Natürlich kann die Anerkennung des Leids auch auf einem anderen Weg erfolgen, aber eine Anerkennung lindert eben noch nicht das Leid, das eine komplexe Traumatisierung auf allen Ebenen des Menschseins verursacht. Die Linderung des Leids von komplexer Traumatisierung durch Missbrauch, der oft eingebettet ist in einen noch größeren Rahmen der Bindungstraumatisierung, erfordert ein ganz spezielles, therapeutisches Vorgehen. Diese Therapien sind körperorientierte Verfahren wie z.B. Somatical Experiencing. Trauma braucht in erster Linie eine behutsame, therapeutische Begleitung bei der Nachreifung des autonomen Nervensystems auf der Ebene des Körpers. Trauma ist kaum über den Kopf zu erreichen und schon gar nicht zu heilen, zumal der Körper im Prinzip der direkte Zugang zum impliziten Gedächtnis und damit zum Unterbewusstsein eines jeden Menschen ist. Ich habe schon bei so vielen Psychotherapeuten in der Therapie gesessen und dort mehr Retraumatisierung als Traumaintegration erfahren, weil die meisten Psychotherapeuten keine Traumaausbildung haben und dementsprechend nicht traumasensibel arbeiten, was bei mir zu tiefen Gefühlen der Insuffizienz geführt hat. Man geht jahrelang zur Therapie und man erfährt in seinen leidvollen Symptomen auf emotionaler und körperlicher Ebene kaum Linderung. Auch die meisten psychosomatischen Kliniken arbeiten kaum traumasensibel. Das habe ich 2x erfahren. Erst als ich anfing, in eine spezielle, körperorientierte Traumatherapie zu gehen, begann die Nachreifung meines Nervensystems.
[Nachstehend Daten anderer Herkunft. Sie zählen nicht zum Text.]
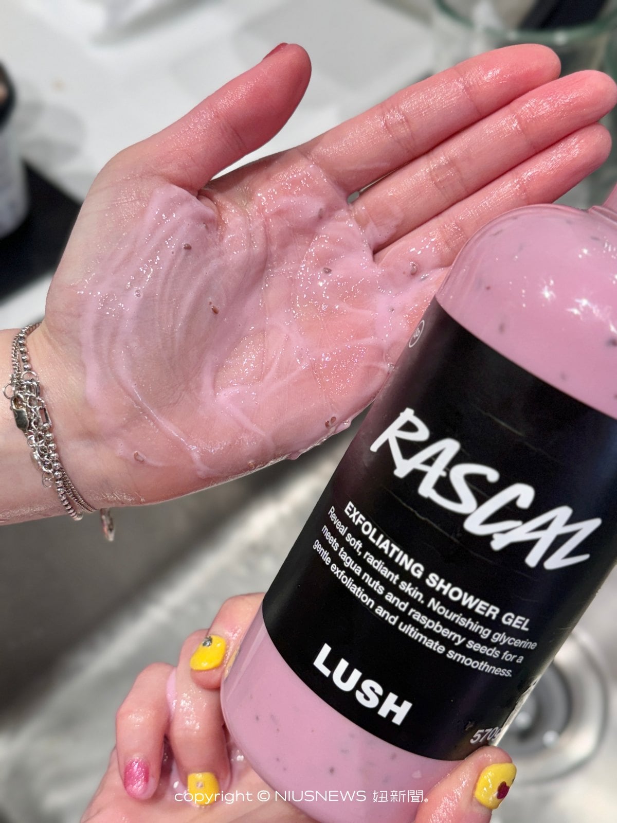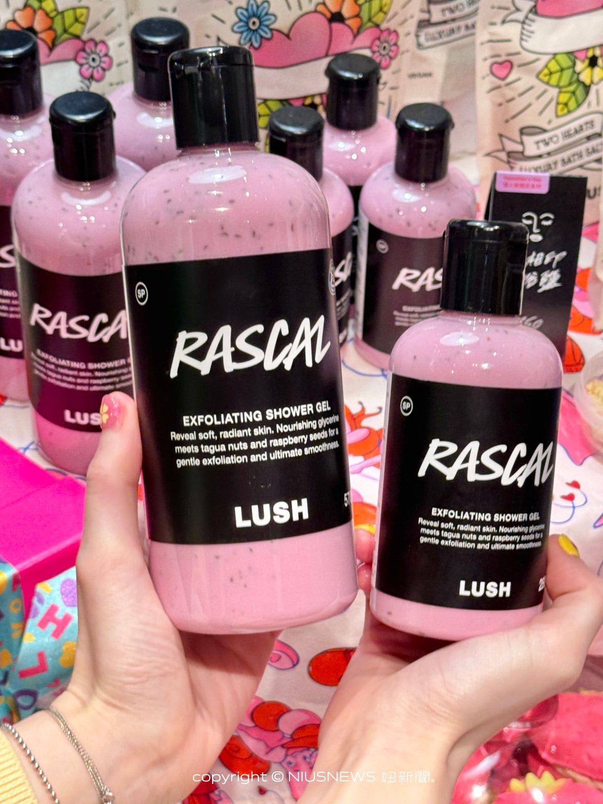 沐浴同時磨砂去角質,LUSH第一次推出磨砂沐浴露,結合滋潤甘油、研磨象牙果及覆盆子籽,為肌膚溫和去角質並打造柔滑觸感,同時散發讓人難以抗拒的覆盆子玫瑰香氣,每次洗完澡後,自己都忍不住一直摸,太柔嫩了!

Diese körperorientierten Traumatherapien werden aber fast ausschließlich nur von Heilpraktikern für Psychotherapie angeboten. Für eine Therapie bei Heilpraktikern für Psychotherapie übernimmt aber keine Krankenkasse oder Beihilfe die Kosten. Anders als Krankenkassen und Beihilfestellen hat man beim Fonds verstanden, dass es vor allem diese speziellen Traumatherapieverfahren sind, die bei Trauma greifen. So verwende ich die Gelder des Fonds hauptsächlich, um mir diese Traumatherapie zu finanzieren. Meine Traumatherapie ist darüber hinaus auch tiergestützt. Allein dieser wunderbare – für Therapie ausgebildete – Hund hat schon so viel Heilung in mir bewirkt. Ich bin sogar jetzt an den Punkt gekommen, wo ich es mir vorstellen kann, selbst so ein wunderbares Wesen im Alltag bei mir zu haben.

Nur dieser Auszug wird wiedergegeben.